Pada sesi kali ini, hadir empat pembicara ahli terkait tema yang diangkat. Pembicara pertama adalah Ricky Camelien yang merupakan Director of Business Development and Asset Expansion dari PT Marga Utama Nusantara. Pada presentasinya, Ricky menyebutkan beberapa aspek yang menjadi faktor kunci sukses (key success factor) dalam mengembangkan mega proyek infrastruktur, di antaranya terdapat proposal proyek, pendanaan proyek, mitra, dan kualitas pembangunan. Selain itu, Ricky juga menjelaskan tentang bagaimana membangun sebuah struktur pendanaan yang kompetitif bagi pengembangan infrastruktur. Menurutnya, terdapat empat poin yang perlu dipertimbangkan, yaitu biaya konstruksi, struktur pendanaan proyek, risiko mata uang, dan tipe self-equity.

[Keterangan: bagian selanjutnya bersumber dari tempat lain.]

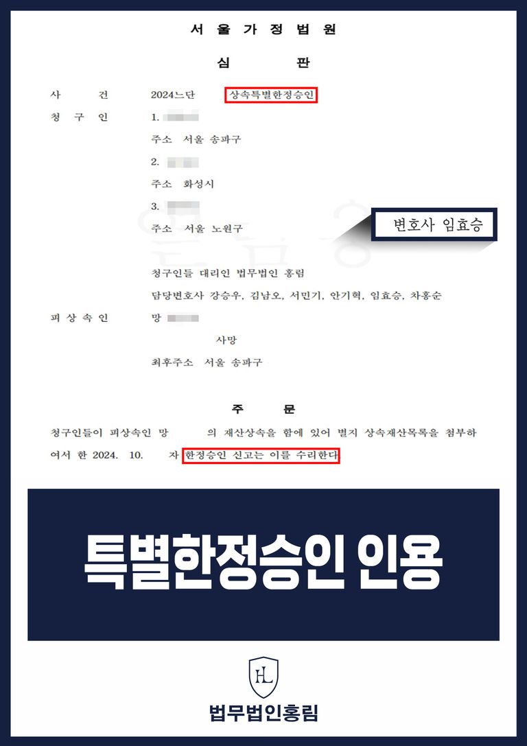 서울가정법원은 본 사건에 대한 특별한정승인 인용 결정을 내렸습니다.

Selanjutnya, pembicara kedua adalah Arsianto Poerwanto selaku Managing Director Investment Banking Group dari PT Samuel Sekuritas. Berfokus pada pembahasan menghilangkan risiko pada pendanaan mega proyek terkait proyek jalan tol. Arsianto membahas beberapa poin pada sesi diskusi tersebut, yang pertama mengenai jaminan pemerintah (government guarantee). Menurutnya, jaminan pemerintah adalah sesuatu yang sangat baik untuk dimiliki, tetapi sulit untuk didapatkan. Kemudian, beliau membahas terkait Proyek Strategis Nasional (PSN) yang mendiskusikan seputar akuisisi tanah dan juga penyesuaian tarif otomatis. Terakhir, Arsianto menjelaskan tentang penggunaan instrumen finansial yang tepat, di antaranya ada pendanaan jangka panjang oleh Bank, mekanisme hedging, dan instrumen jangka panjang lainnya seperti obligasi.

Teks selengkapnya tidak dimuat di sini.